Dataset excerpts:
Segment Open

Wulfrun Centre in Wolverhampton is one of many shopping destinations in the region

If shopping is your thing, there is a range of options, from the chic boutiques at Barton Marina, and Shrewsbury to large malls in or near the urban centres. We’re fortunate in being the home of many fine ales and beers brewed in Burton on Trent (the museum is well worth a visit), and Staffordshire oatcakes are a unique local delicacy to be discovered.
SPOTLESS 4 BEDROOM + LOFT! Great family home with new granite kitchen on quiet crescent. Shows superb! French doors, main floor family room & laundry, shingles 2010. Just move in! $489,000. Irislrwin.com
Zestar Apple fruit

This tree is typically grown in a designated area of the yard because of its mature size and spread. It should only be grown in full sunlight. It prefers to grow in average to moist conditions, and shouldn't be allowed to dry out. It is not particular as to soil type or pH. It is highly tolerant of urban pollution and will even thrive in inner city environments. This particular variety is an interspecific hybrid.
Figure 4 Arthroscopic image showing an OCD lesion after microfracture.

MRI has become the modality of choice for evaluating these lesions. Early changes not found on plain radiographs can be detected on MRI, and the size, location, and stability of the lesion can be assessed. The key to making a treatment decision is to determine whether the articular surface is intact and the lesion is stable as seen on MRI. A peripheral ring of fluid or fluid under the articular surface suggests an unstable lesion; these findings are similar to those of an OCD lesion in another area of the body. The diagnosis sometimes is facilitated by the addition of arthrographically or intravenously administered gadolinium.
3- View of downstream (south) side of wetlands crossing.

Segment Closed
Segment Open

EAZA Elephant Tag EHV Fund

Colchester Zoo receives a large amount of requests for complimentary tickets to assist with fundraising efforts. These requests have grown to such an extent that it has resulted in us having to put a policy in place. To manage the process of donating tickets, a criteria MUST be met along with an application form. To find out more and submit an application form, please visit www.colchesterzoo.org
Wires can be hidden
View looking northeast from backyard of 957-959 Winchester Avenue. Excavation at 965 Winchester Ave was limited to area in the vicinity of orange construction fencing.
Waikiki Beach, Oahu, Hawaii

Segment Closed
Segment Open

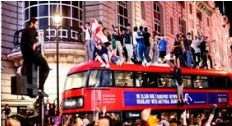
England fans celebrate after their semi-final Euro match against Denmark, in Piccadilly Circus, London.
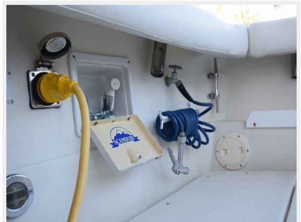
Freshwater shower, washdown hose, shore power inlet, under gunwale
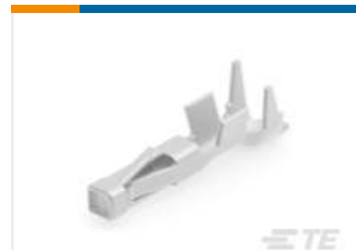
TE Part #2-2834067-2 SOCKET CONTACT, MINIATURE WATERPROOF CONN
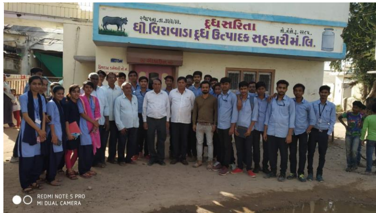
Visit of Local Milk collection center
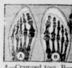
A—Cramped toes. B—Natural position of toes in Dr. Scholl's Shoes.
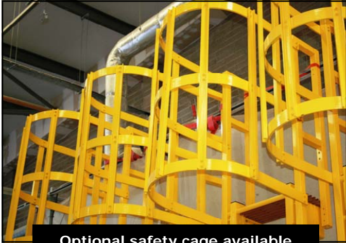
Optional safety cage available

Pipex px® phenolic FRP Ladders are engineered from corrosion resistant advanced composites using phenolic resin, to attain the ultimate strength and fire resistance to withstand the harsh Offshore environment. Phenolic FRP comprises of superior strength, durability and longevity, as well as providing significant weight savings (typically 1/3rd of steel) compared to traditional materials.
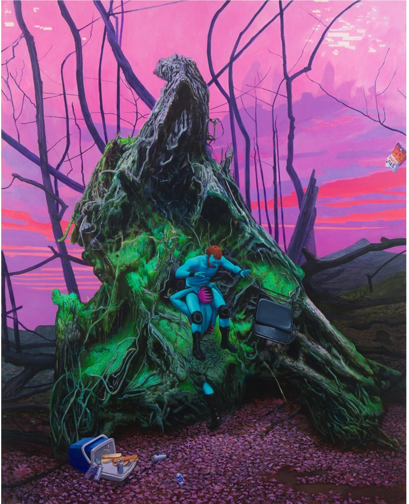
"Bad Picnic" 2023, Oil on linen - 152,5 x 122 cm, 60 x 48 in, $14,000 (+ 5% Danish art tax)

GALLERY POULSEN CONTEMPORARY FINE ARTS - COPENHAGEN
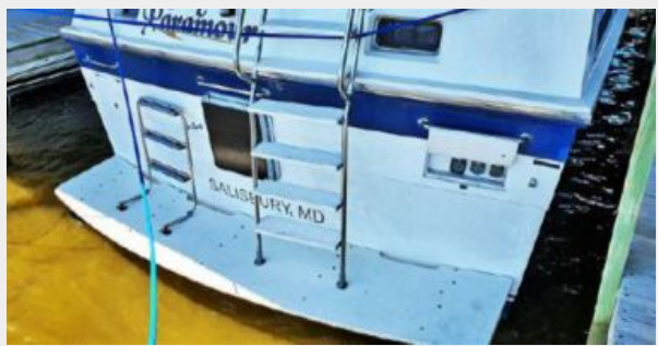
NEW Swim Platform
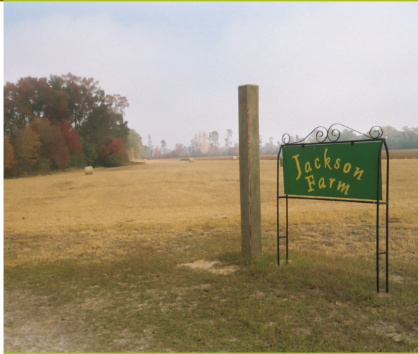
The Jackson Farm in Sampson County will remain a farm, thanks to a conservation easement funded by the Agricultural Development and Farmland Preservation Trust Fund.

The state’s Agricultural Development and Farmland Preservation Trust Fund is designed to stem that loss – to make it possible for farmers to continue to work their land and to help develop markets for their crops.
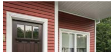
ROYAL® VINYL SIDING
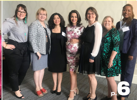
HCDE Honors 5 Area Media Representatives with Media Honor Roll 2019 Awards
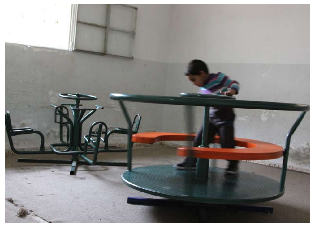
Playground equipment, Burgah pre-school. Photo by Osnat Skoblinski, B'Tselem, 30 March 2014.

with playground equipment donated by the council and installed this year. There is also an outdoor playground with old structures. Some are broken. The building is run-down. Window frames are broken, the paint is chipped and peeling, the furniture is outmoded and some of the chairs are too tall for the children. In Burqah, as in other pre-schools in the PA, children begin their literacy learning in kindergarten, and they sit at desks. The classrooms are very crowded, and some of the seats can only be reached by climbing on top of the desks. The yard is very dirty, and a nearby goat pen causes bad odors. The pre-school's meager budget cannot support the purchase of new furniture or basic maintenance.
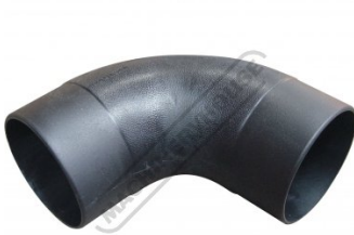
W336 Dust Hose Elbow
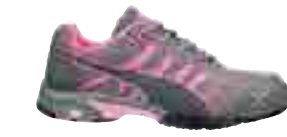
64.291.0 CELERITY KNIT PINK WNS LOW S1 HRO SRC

Segment Closed

With "Development" as the string to look for, count the matching lines above and give the number by itself.

2